== Task to complete ==
Exact copies of the lines below, from the one with "Now click on" up to and including the one with "Puoi anche installare", are what this calls for; leave out pictures.

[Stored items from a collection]
______________________________

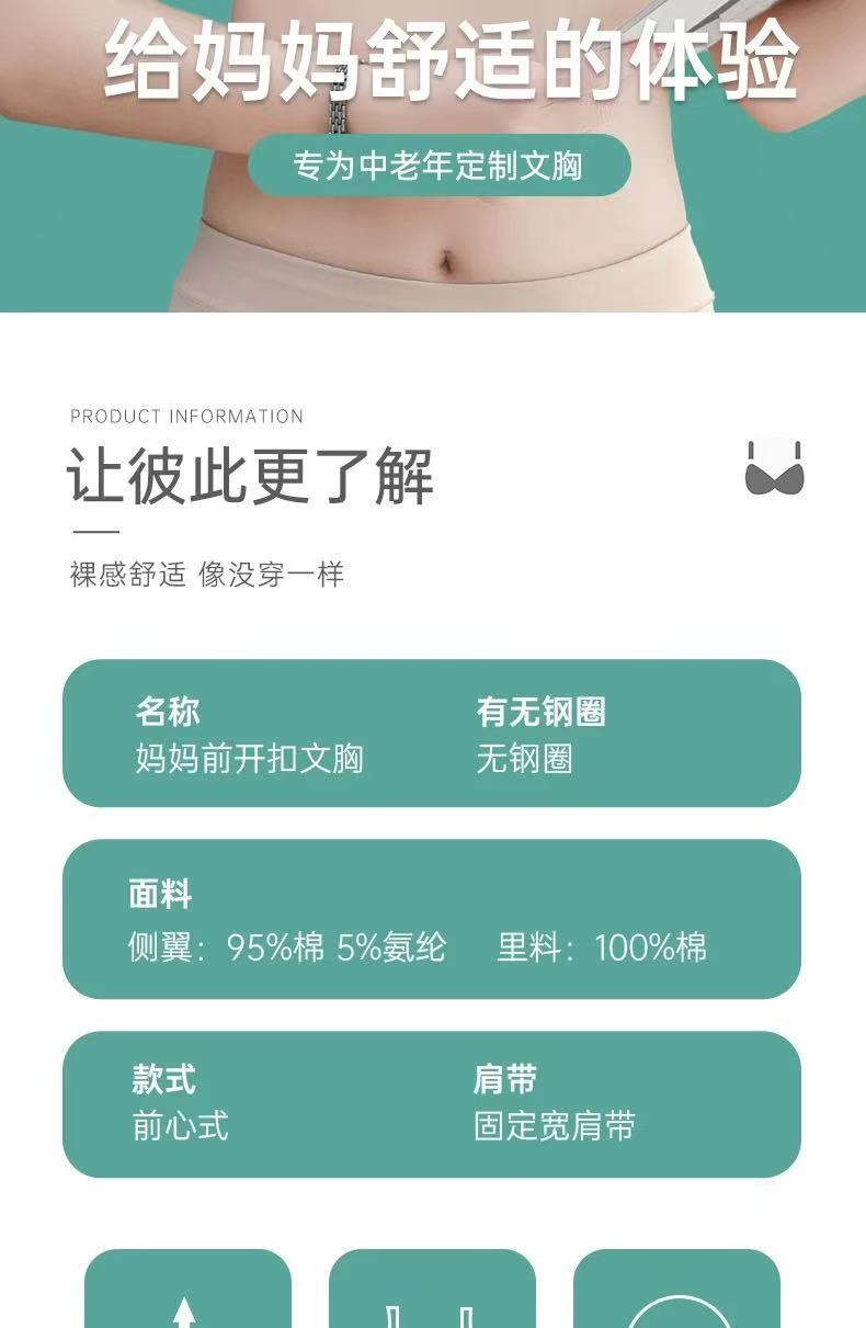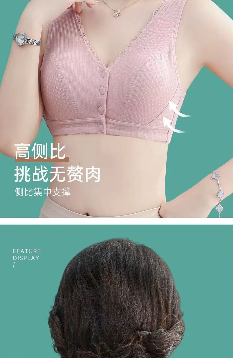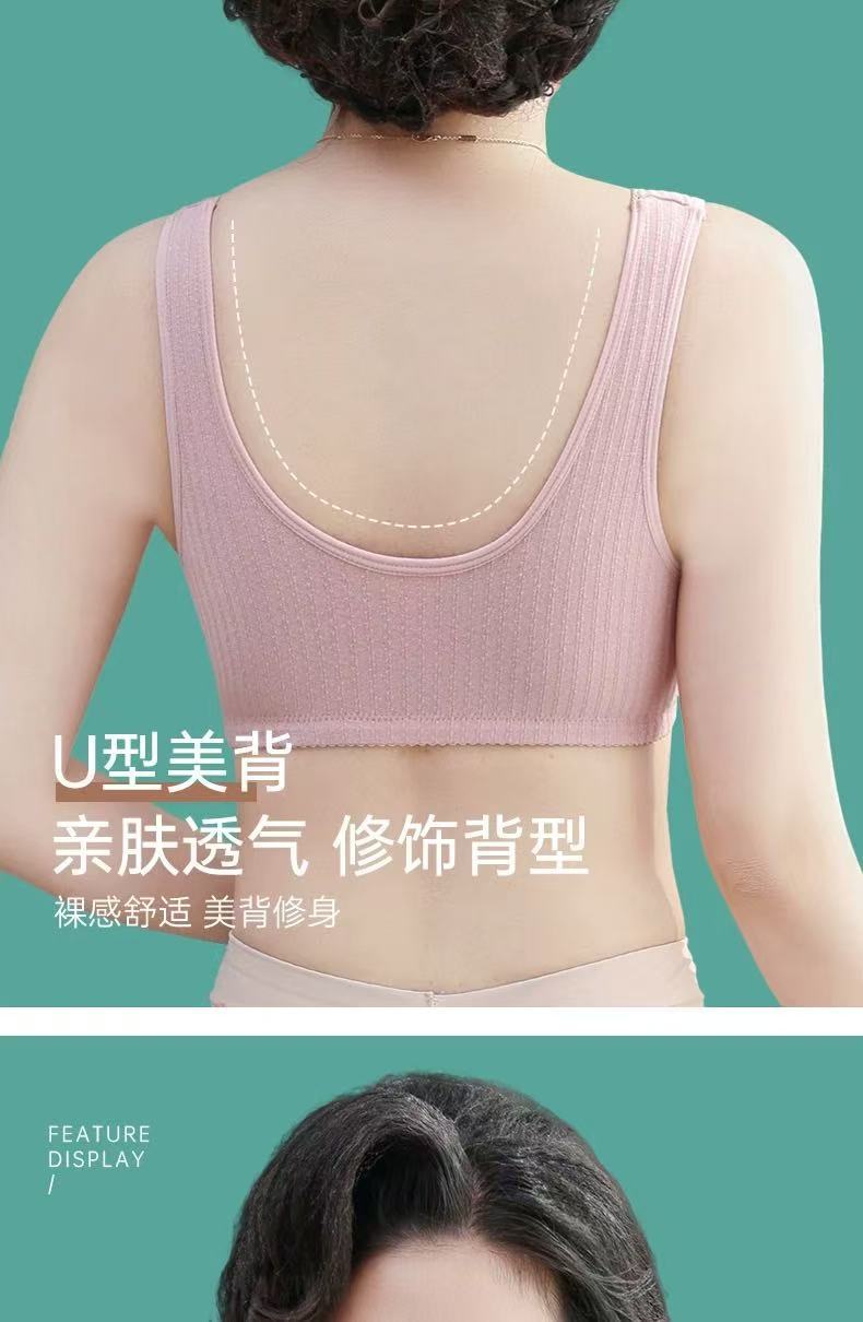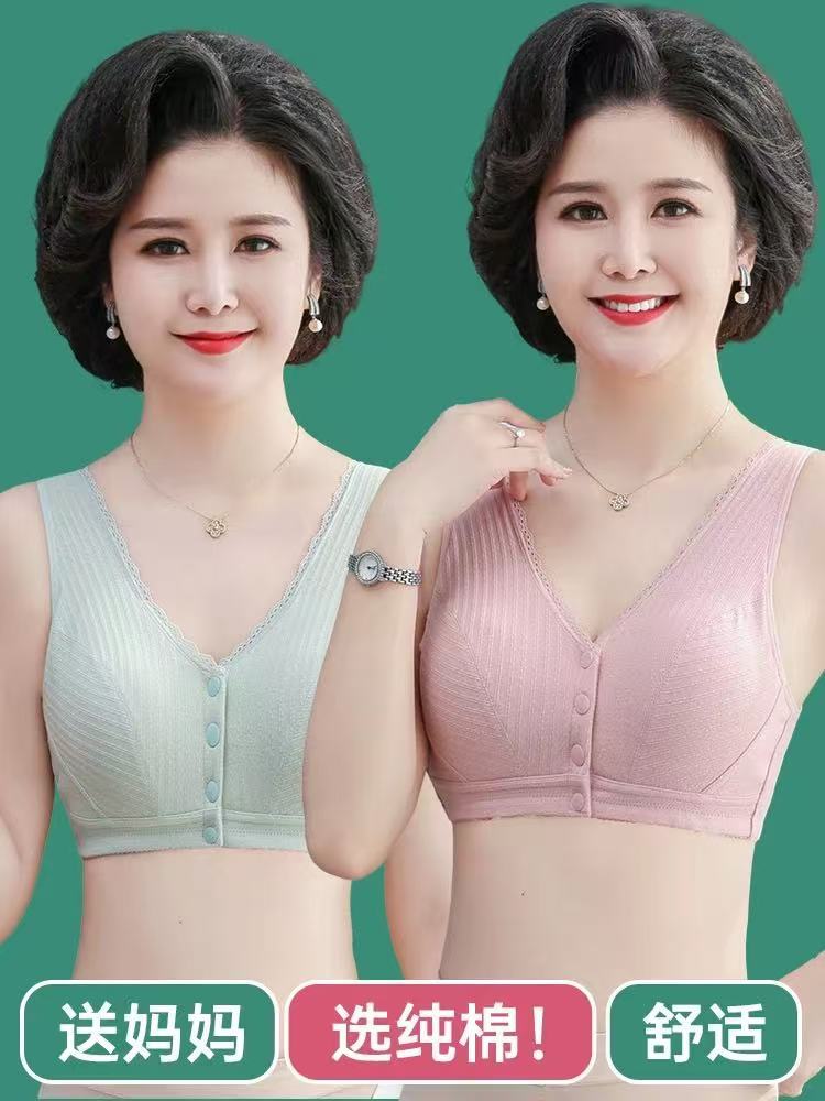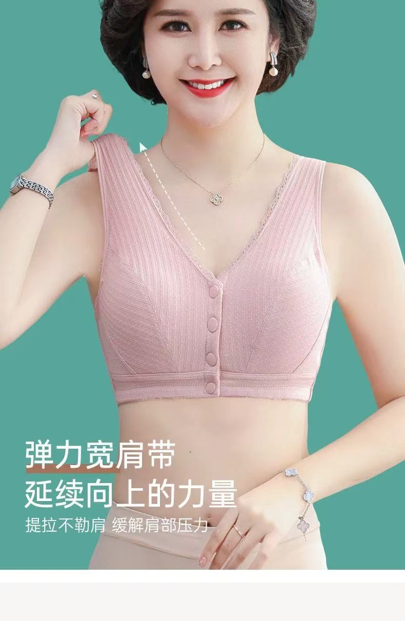 중노년 여성을 위한 엄마 속옷 브라, 조끼 스타일 앞 버튼, 얇은 와이어 프리 푸쉬업 스포츠 순면 안감 브랜드
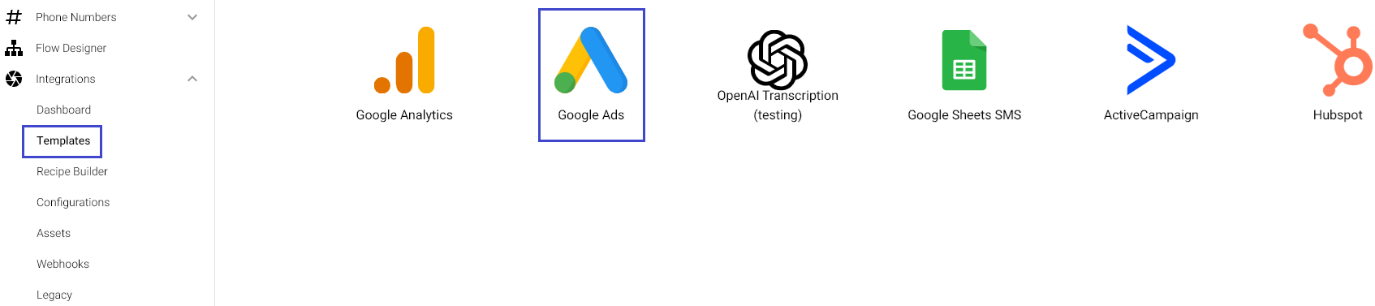 Now click on Templates from the Integrations section & then select Google Ads
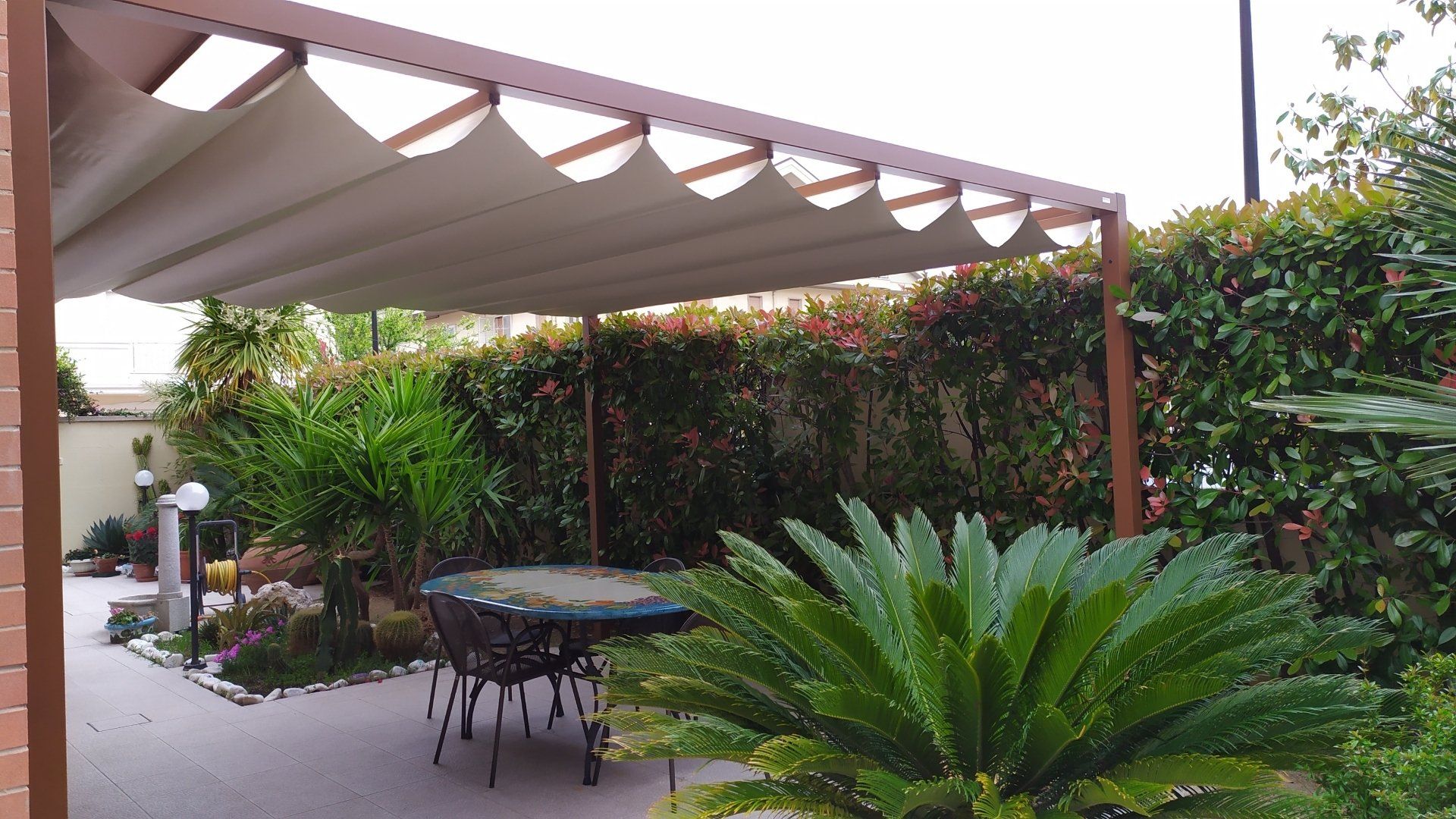 Puoi anche installare un sistema di apertura motorizzato, a batteria o collegato alla rete elettrica, e grazie alla domotica, gestire l'apertura e la chiusura della tenda da remoto!
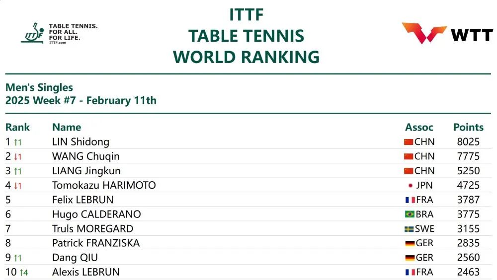 2月11日,国际乒乓球联盟公布了最新的全球排名。世界乒乓球职业联盟(WTT)中国选手林诗栋超越队友王楚钦,在新加坡大满贯赛中获得2000分,位居世界第一。
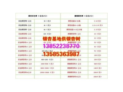 0.我們地處幾十萬(wàn)畝銀杏樹(shù)苗木基地,有資源優(yōu)勢(shì),所以,銀杏樹(shù)價(jià)格低、規(guī)格全、上貨快!歡迎您先來(lái)苗圃實(shí)地考察后再定貨。 銀杏苗圃,指樹(shù)挖樹(shù)、隨挖隨走、確保新鮮,我們真誠(chéng)對(duì)待每一個(gè)新老客戶(hù)!我們有信心讓新客戶(hù)變成老客戶(hù)。對(duì)待老客戶(hù)做到優(yōu)先供苗、優(yōu)惠價(jià)格、先用苗后結(jié)算..,老客戶(hù)可以送貨到地。 21. 我家現(xiàn)有12年生成品銀杏樹(shù)206棵,直徑約15公分且枝葉繁茂?,F(xiàn)因身體患病的原因?qū)ν獬鍪?,歡迎市政園林或景區(qū)及苗圃客商朋友前來(lái)考察選購(gòu)。 邳州市興隆苗木種植專(zhuān)業(yè)合作社地處全國(guó)聞名的“銀杏之鄉(xiāng)”,東依京滬高速公路,西傍全國(guó)重要的交通樞紐徐州,310國(guó)道、250省道穿越而過(guò),交通十分便利。 39 銀杏實(shí)生苗 當(dāng)年苗 0.15-0.25元 銀杏實(shí)生苗 2年苗 0.5-1.5元 銀杏實(shí)生苗 3年苗 2-6元 銀杏實(shí)生苗 2CM 10元 銀杏實(shí)生苗 3CM 18元 銀杏實(shí)生苗 4CM 40元 銀杏實(shí)生苗 5CM 50元 價(jià)格隨行情變化而變動(dòng),了解具體價(jià)格請(qǐng)來(lái)電咨詢(xún) 4 銀杏實(shí)生苗 6CM 65元 銀杏實(shí)生苗 7CM 90元 銀杏實(shí)生苗 8CM 120元 銀杏實(shí)生苗 9CM 160元 銀杏實(shí)生苗 10CM 220元 銀杏實(shí)生苗 11CM 260元 銀杏實(shí)生苗 12CM 300元 供應(yīng)2-80公分銀杏樹(shù),擁有專(zhuān)業(yè)起重、運(yùn)輸設(shè)備多臺(tái),專(zhuān)業(yè)移植銀杏大樹(shù)人員30多人。堅(jiān)持從源頭抓起,從選苗、挖苗、包裝、吊裝運(yùn)輸?shù)雀鱾€(gè)環(huán)節(jié)嚴(yán)把質(zhì)量關(guān),做到不合格的苗木不出圃,確保運(yùn)出去的每一棵樹(shù)都是一道風(fēng)景。曾先后為首都機(jī)場(chǎng)、鳥(niǎo)巢廣場(chǎng)、北京植物園、四川省網(wǎng)球中心、重慶大學(xué)城、四川、河北秦皇島植物園、秦皇島奧體中心、秦皇島金夢(mèng)海灣大道、北戴河中直療養(yǎng)院等國(guó)家、省、市重點(diǎn)工程提供和栽植各種高標(biāo)準(zhǔn)銀杏苗木逾百萬(wàn)株,成活率均保持在98%以上,受到廣大用苗單位及相關(guān)領(lǐng)導(dǎo)的本中心秉承“誠(chéng)信、共贏、穩(wěn)健、發(fā)展”的經(jīng)營(yíng)理念,求真務(wù)實(shí)、開(kāi)拓進(jìn)取,熱忱歡迎廣大新老客戶(hù)前來(lái)洽談合作,先考察后訂貨!
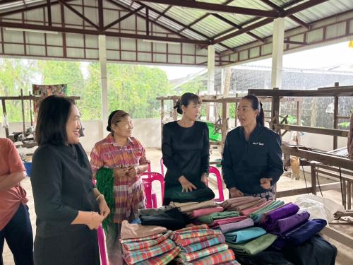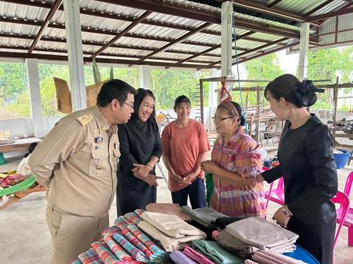 นายธีรศักดิ์ ศรีสมพงษ์ นายอำเภอบางระกำ พร้อมด้วย นางศุภลักษณ์ ศรีสมพงษ์ นายกกิ่งกาชาดอำเภออำเภอบางระกำ/สมาชิกแม่บ้านมหาดไทยจังหวัดพิษณุโลก และนางสาวรุ่งนภา ชูเตชะ พัฒนาการอำเภอ ร่วมลงพื้นที่ให้กำลังใจให้คำแนะนำการต่อยอดลายผ้าอัตลักษณ์ แก่กลุ่มแม่บ้านเกษตรกรบ้านคลองเตย หมู่ที่ 6 ตำบลบึงกอก ในการทอผ้าไทนโทนสีดำเพื่อไว้ทุกข์ สมเด็จพระนางเจ้าสิริกิติ์ พระบรมราชินีนาถ พระบรมราชชนนีพันปีหลวง
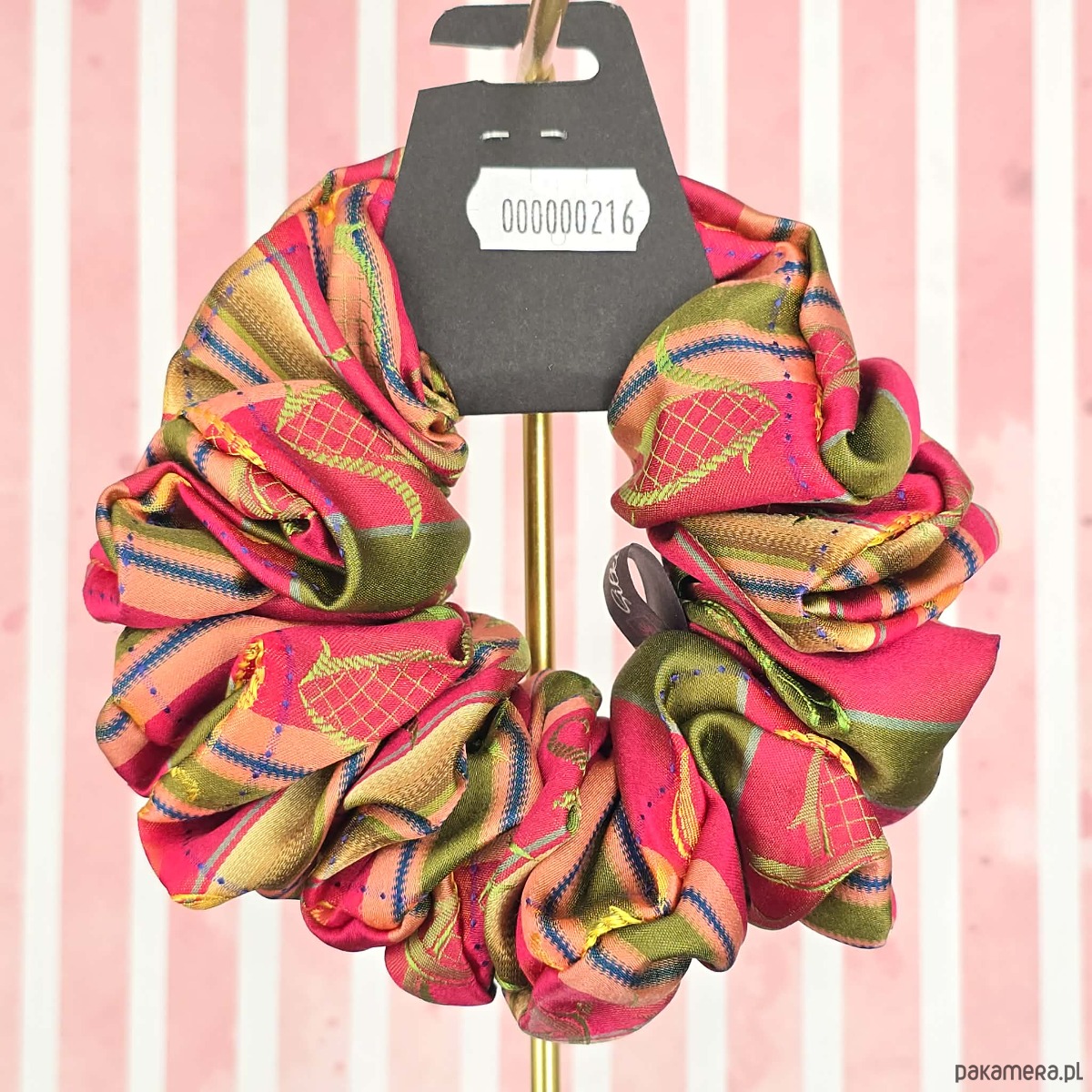 L średnia gumka do włosów jedwab naturalny scrunchie czerwona zielona

______________________________

== Answer below ==
 Now click on Templates from the Integrations section & then select Google Ads
 Puoi anche installare un sistema di apertura motorizzato, a batteria o collegato alla rete elettrica, e grazie alla domotica, gestire l'apertura e la chiusura della tenda da remoto!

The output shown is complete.